Two fronts (bodies of air) colliding near Ft. Davis, TX.  Warm moist air from the Gulf of Mexico meets cooler dry air from the Rockies.  The cool dry air is heavier and "slides" underneath the warm moist air, lifting it.  It cools and condenses into clouds/fog/rain and gains the energy to move up even more gaining more energy.  This sort of event is hazardous for soaring pilots if they are flying in the vicinity.  The shredded clouds indicate high winds at that altitude.  It would not be fun to be flying an ultralight anywhere near this sort of weather.

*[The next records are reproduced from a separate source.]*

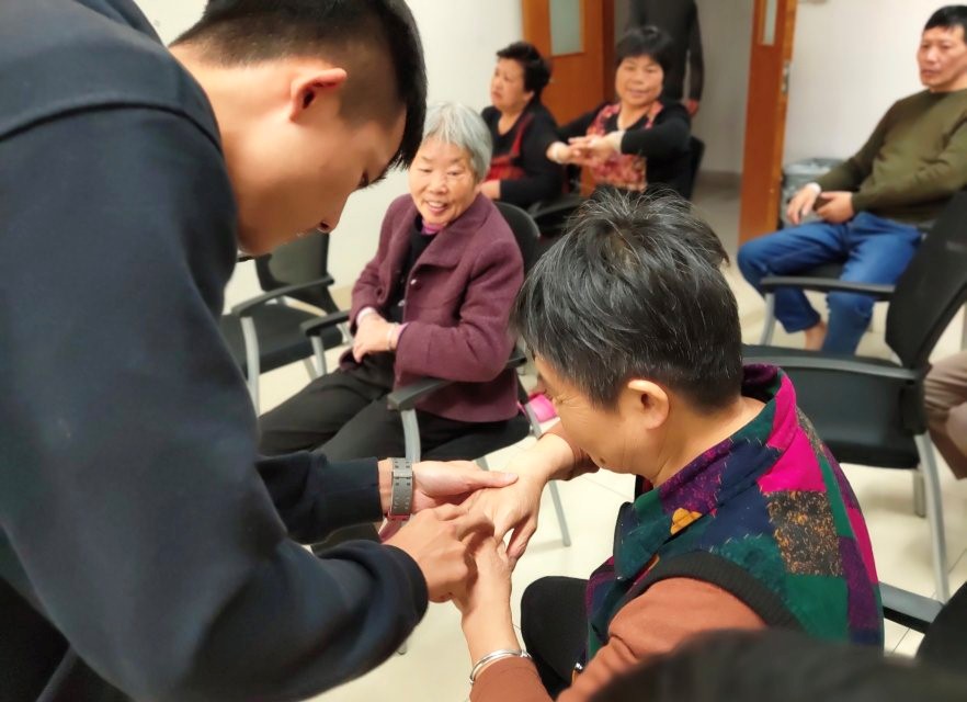 活动一开始,由志愿者和护士一对一教老人们学习一种特别的舞蹈——手指操。他们按照视频所放映的手指操一起学习。夏季老人运动量减少,手指操能够有效锻炼老人肌力与手的握力,预防老年疾病发生。接下来是由我分院十佳歌手所带来的《歌唱祖国》、《游击队之歌》等系列歌曲,和老人们重温70年代的老歌,老人们一起轻轻哼唱,活动气氛逐渐高涨。最后是夹弹珠的小游戏,游戏分为三轮,分别为一分钟限时夹弹珠、30秒限时夹弹珠及十五秒限时夹弹珠。在座的老人积极参与游戏,以加赛一轮结束小游戏并赠送了相应的小礼品。至此,活动圆满结束。
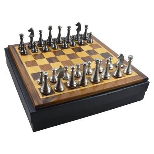 Juego de Ajedrez de Madera con Piezas de Metal, Juego de Ajedrez Portátil Hecho a Mano con Piezas de Juego
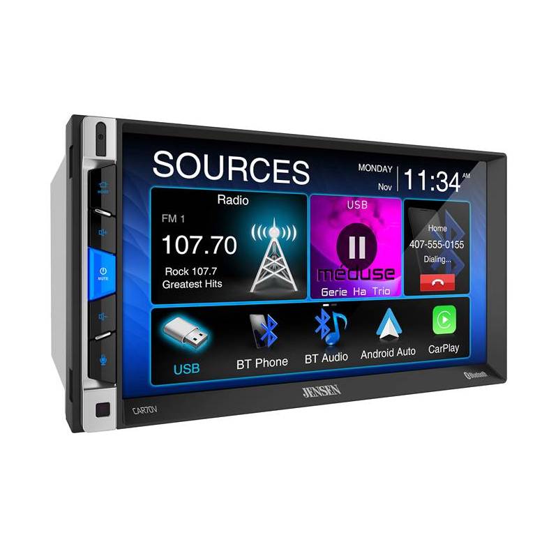 You can use the 7" touchscreen display for system control, media info, and as a monitor for a connected backup camera (not included, see Accessories), great for backing into those tight parking spots. The USB port lets you connect and charge a smartphone. Jensen also builds in three sets of preamp outputs for amplifiers powering your speakers and subs, and the 8-band equalizer gives you nice options for tweaking the sound in your vehicle.
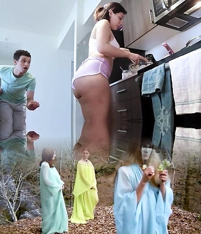 Busty Brunette Gets Deepthroated by Her Step-Brother in the Kitchen
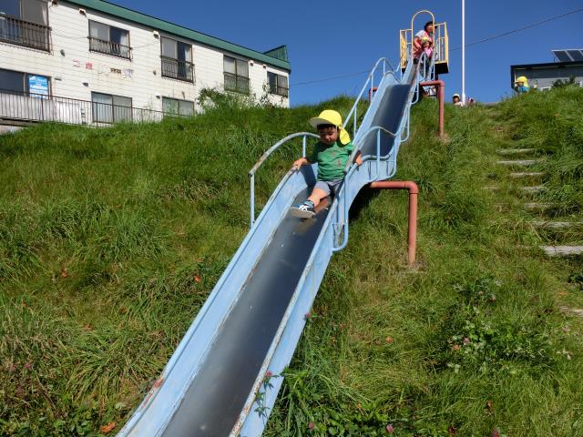つくし組は「わんぱく公園」まで行き、皆で長~~い滑り台を楽しんできました。
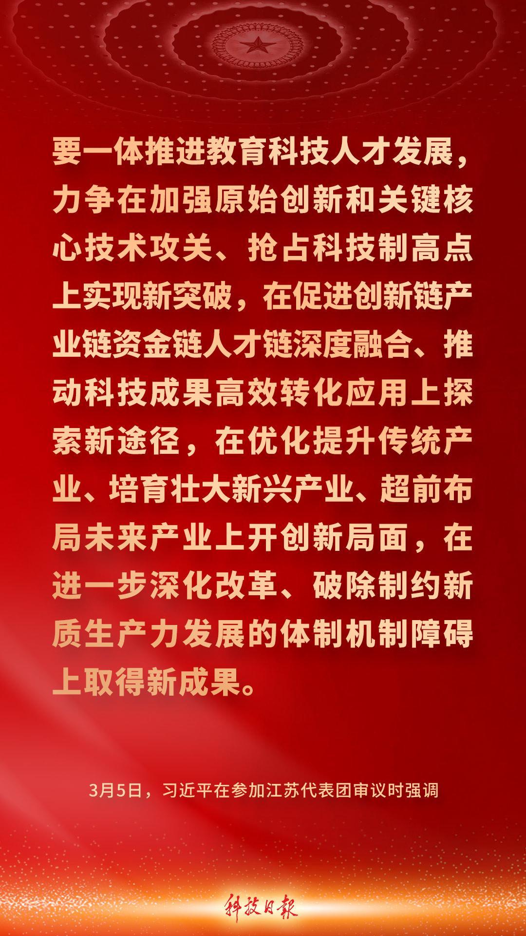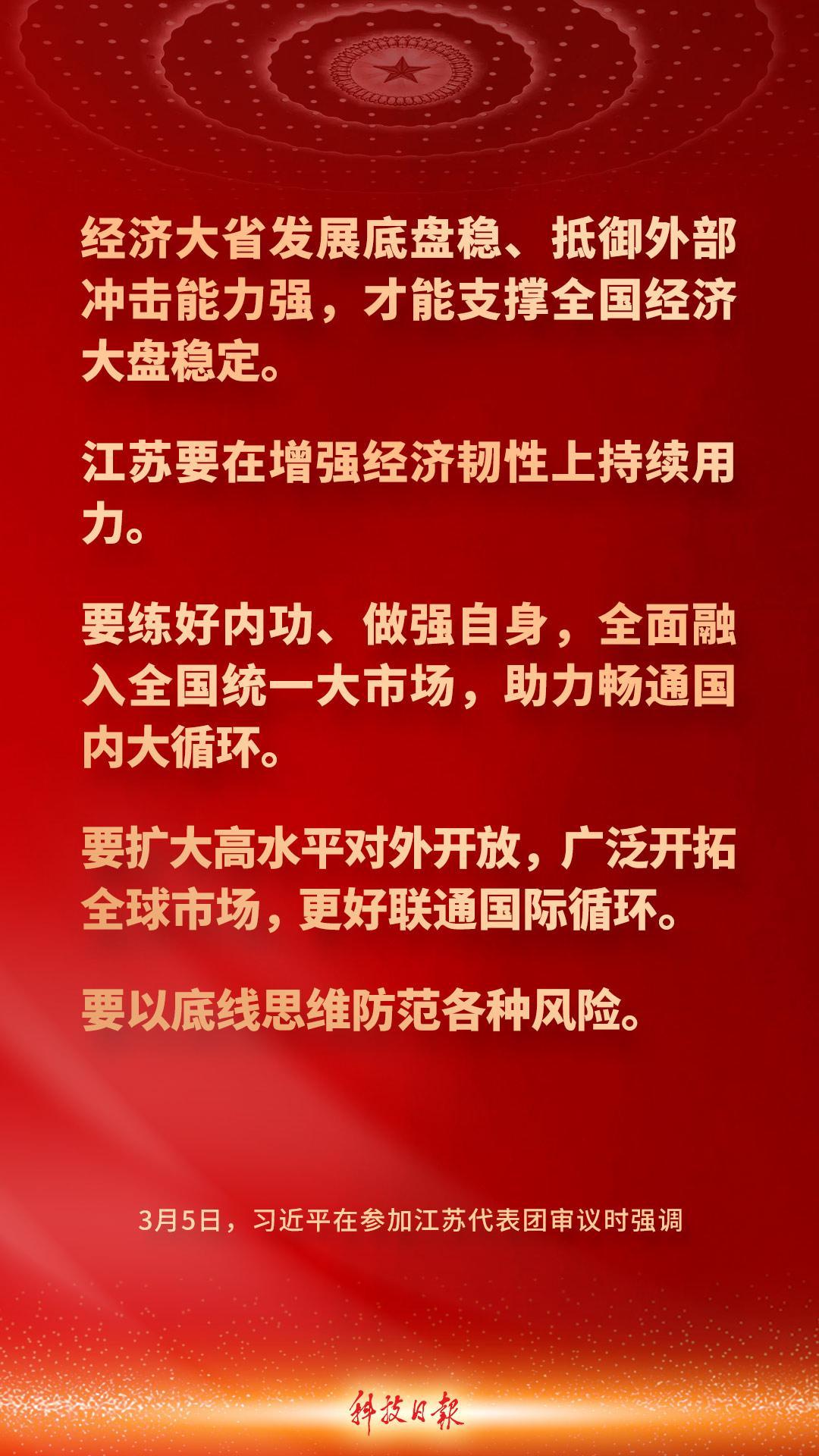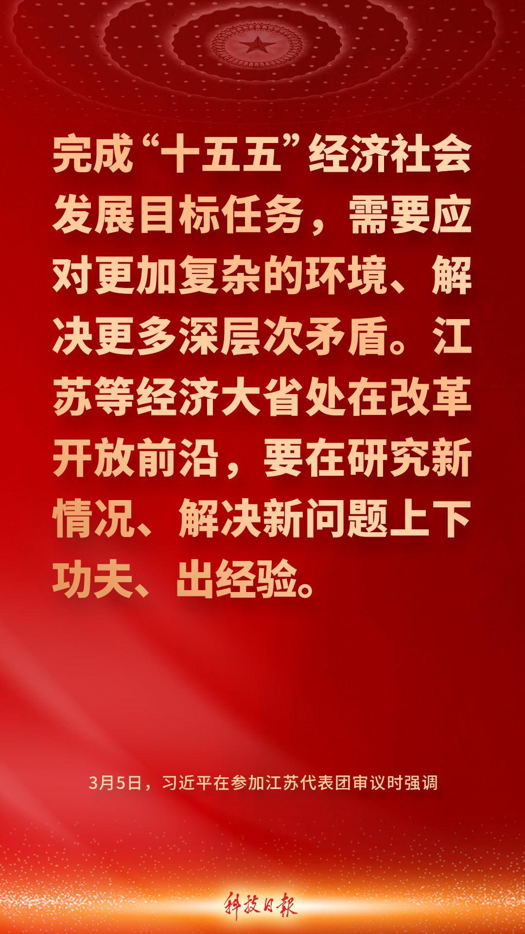 中共中央總書記、國家主席、中央軍委主席習近平5日下午在參加他所在的十四屆全國人大四次會議江蘇代表團審議時強調——
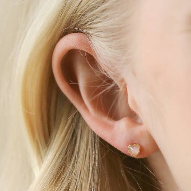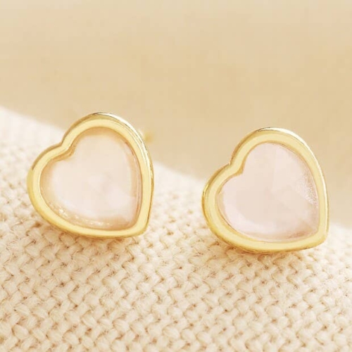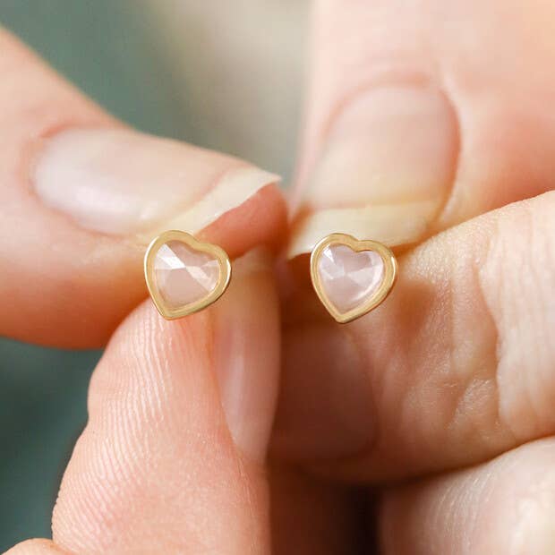 Heart-shaped rose quartz is encased in 14ct gold plated brass with a stunning faceted face to give these earrings a touch of elegance.Their hypoallergenic sterling silver posts mean they’re great for sensitive skin.Fasten these studs via their butterfly backs and enjoy the lightweight feel of these timeless pink pieces!Dimensionswidth 5mm x height 5mm x depth 4mmMade from14ct gold plated brass, rose quartz, sterling silver posts
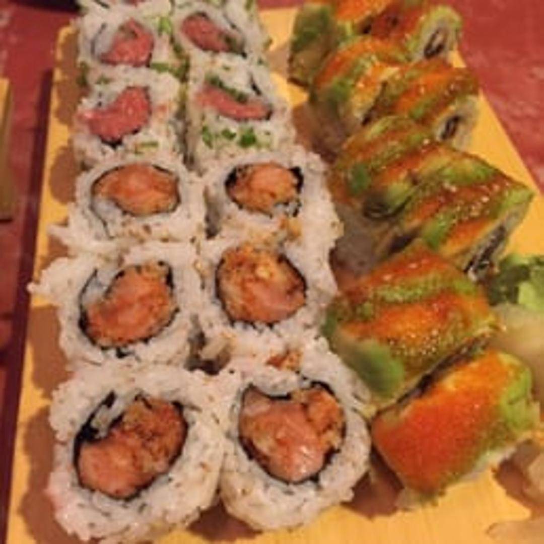 A visually striking and popular sushi roll, typically crafted with a core of tempura-fried shrimp or grilled unagi (eel). It's elegantly topped with thinly sliced avocado, resembling dragon scales, and often drizzled with sweet eel sauce or spicy mayonnaise, offering a delightful combination of textures and flavors.

Two bodies of air colliding

Below is a sample Radar Scope image of wind direction and velocity from the NWS in El Paso, Texas.  The black "dot" is the radar location.  The winds coming to the radar are green, the winds going away are red.  The intensity of the colors indicates the speed of the air.  The white lines with dashes across them indicate the location of major storm cells.  The white square at the end of the white line is the current location.  The white dashes indicate the movement and direction of the cell over a period of 15 minutes.  The purple in the image is scatter of one kind or another and can be ignored.

It is obvious why ultralights stay on the ground when storms are near.  Notice the ABRUPT change in wind direction near the storms just west of the radar.  The surface winds were strong that evening from the southeast, in the low 20's.  The power of the storms changed the direction and speed 180 degrees in mere yards.

Radar Scope image of how storms can effect surface winds

Daily Wind Patterns

At the end of the day, sudden cooling of the air in the mountains will cause to flow downhill with considerable speed.  Often, the winds near the base of mountains will be the reverse of the air 25' above the ground.  This is why it is good to have windsocks in the LZ and pay attention to them.